(Information provided begins)

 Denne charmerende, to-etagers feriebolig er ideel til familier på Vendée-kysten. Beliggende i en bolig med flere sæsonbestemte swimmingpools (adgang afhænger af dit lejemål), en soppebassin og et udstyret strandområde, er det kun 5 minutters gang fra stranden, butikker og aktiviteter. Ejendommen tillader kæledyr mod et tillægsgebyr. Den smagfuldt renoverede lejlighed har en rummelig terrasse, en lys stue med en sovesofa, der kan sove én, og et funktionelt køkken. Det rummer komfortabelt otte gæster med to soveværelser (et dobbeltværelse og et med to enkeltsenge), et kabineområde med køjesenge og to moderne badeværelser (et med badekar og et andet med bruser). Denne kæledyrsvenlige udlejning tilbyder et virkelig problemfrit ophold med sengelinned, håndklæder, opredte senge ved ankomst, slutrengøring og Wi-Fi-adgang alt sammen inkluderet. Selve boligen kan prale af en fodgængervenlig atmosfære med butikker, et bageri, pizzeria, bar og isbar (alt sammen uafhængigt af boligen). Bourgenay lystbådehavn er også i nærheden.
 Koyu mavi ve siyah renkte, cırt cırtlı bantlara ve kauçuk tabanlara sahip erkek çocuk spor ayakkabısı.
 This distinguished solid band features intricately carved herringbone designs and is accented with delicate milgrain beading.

(Information provided ends)
(Information provided begins)

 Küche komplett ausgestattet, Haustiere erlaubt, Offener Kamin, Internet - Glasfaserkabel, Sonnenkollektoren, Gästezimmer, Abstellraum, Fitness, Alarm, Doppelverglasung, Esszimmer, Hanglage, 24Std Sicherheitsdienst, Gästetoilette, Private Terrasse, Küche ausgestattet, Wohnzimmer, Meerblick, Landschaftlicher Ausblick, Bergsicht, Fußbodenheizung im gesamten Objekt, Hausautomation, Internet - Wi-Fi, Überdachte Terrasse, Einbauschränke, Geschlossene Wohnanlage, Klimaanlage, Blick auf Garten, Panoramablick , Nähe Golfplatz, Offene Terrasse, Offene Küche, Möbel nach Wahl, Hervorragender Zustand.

(Information provided ends)
(Information provided begins)

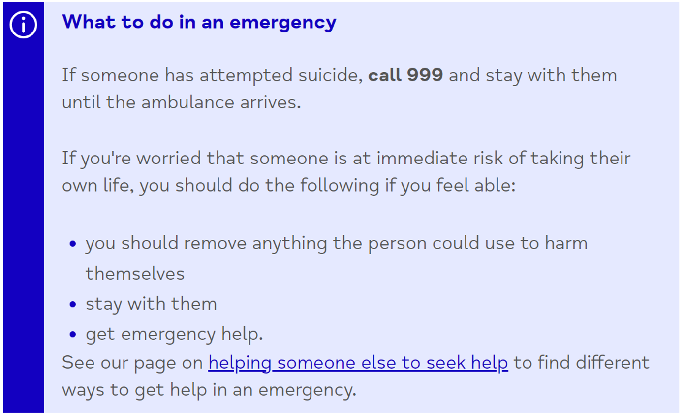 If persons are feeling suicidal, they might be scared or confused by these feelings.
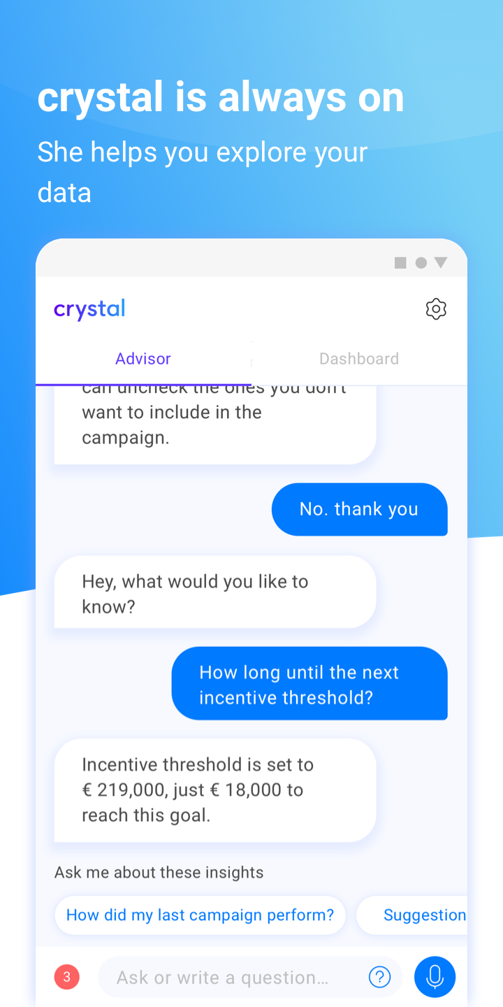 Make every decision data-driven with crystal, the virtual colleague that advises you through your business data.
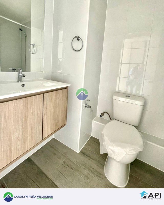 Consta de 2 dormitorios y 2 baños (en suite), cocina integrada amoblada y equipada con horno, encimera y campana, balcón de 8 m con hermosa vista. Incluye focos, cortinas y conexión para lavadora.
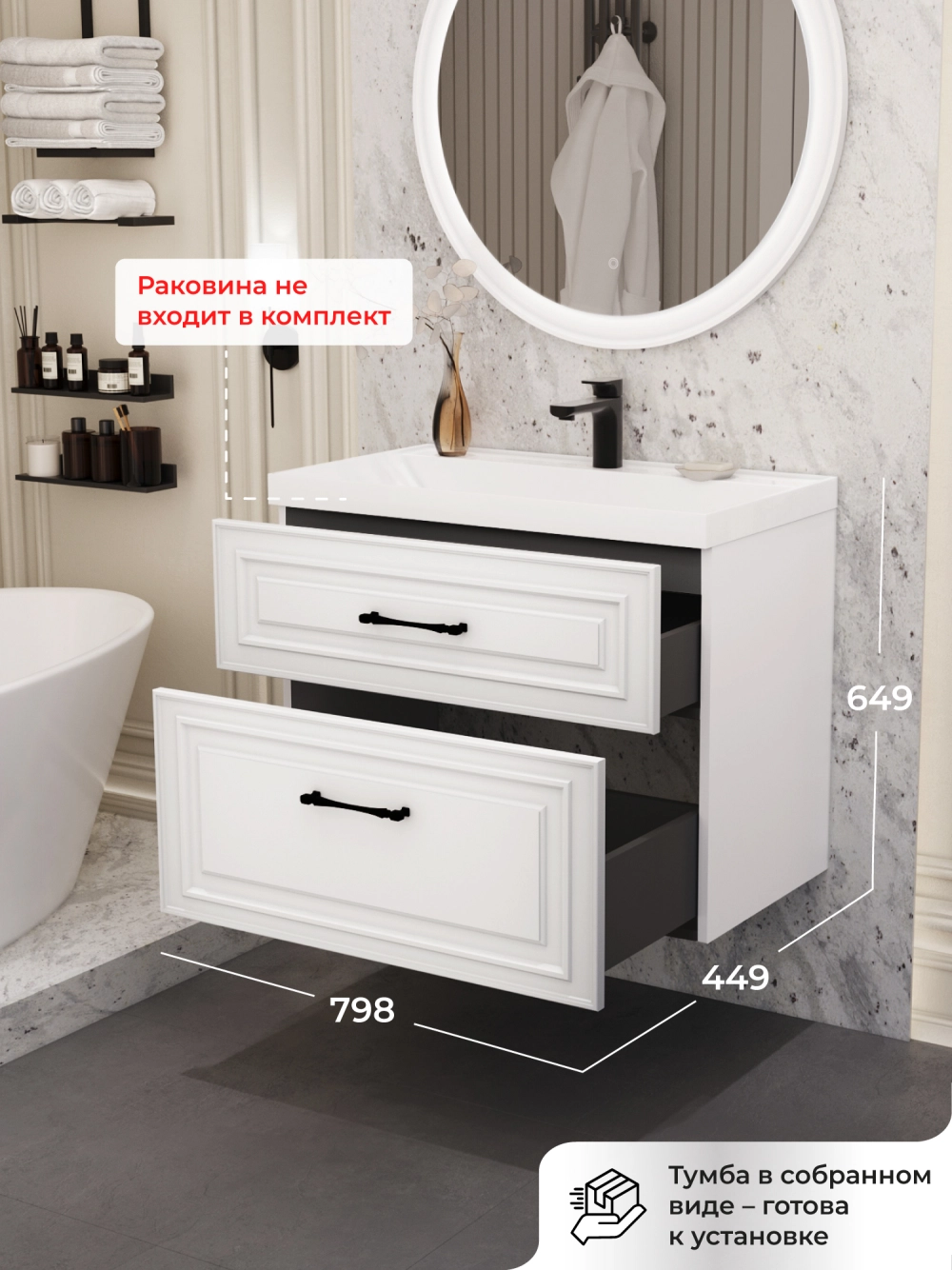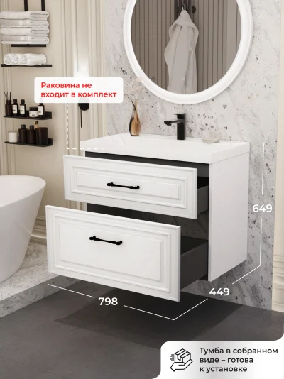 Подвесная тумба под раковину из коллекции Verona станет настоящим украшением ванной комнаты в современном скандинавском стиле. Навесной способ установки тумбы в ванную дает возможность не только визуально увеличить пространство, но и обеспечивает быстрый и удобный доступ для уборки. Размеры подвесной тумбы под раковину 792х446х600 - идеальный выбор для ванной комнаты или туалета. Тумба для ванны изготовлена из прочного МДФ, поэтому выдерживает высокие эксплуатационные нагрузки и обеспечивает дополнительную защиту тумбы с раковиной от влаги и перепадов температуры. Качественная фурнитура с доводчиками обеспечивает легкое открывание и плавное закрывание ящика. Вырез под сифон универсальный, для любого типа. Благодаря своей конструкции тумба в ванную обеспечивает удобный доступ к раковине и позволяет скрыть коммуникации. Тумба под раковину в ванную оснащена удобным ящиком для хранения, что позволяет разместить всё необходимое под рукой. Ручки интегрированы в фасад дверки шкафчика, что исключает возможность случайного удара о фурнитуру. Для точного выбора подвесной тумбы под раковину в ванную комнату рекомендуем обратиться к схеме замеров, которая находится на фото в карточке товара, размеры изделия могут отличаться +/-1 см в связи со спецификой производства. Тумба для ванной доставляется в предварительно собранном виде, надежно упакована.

(Information provided ends)

> What the task requires
Using the data above, extract exactly the lines from the one that holds "Denne charmerende, to-etagers" to the one that holds "This distinguished solid", both ends included, and no others.

> Task response
 Denne charmerende, to-etagers feriebolig er ideel til familier på Vendée-kysten. Beliggende i en bolig med flere sæsonbestemte swimmingpools (adgang afhænger af dit lejemål), en soppebassin og et udstyret strandområde, er det kun 5 minutters gang fra stranden, butikker og aktiviteter. Ejendommen tillader kæledyr mod et tillægsgebyr. Den smagfuldt renoverede lejlighed har en rummelig terrasse, en lys stue med en sovesofa, der kan sove én, og et funktionelt køkken. Det rummer komfortabelt otte gæster med to soveværelser (et dobbeltværelse og et med to enkeltsenge), et kabineområde med køjesenge og to moderne badeværelser (et med badekar og et andet med bruser). Denne kæledyrsvenlige udlejning tilbyder et virkelig problemfrit ophold med sengelinned, håndklæder, opredte senge ved ankomst, slutrengøring og Wi-Fi-adgang alt sammen inkluderet. Selve boligen kan prale af en fodgængervenlig atmosfære med butikker, et bageri, pizzeria, bar og isbar (alt sammen uafhængigt af boligen). Bourgenay lystbådehavn er også i nærheden.
 Koyu mavi ve siyah renkte, cırt cırtlı bantlara ve kauçuk tabanlara sahip erkek çocuk spor ayakkabısı.
 This distinguished solid band features intricately carved herringbone designs and is accented with delicate milgrain beading.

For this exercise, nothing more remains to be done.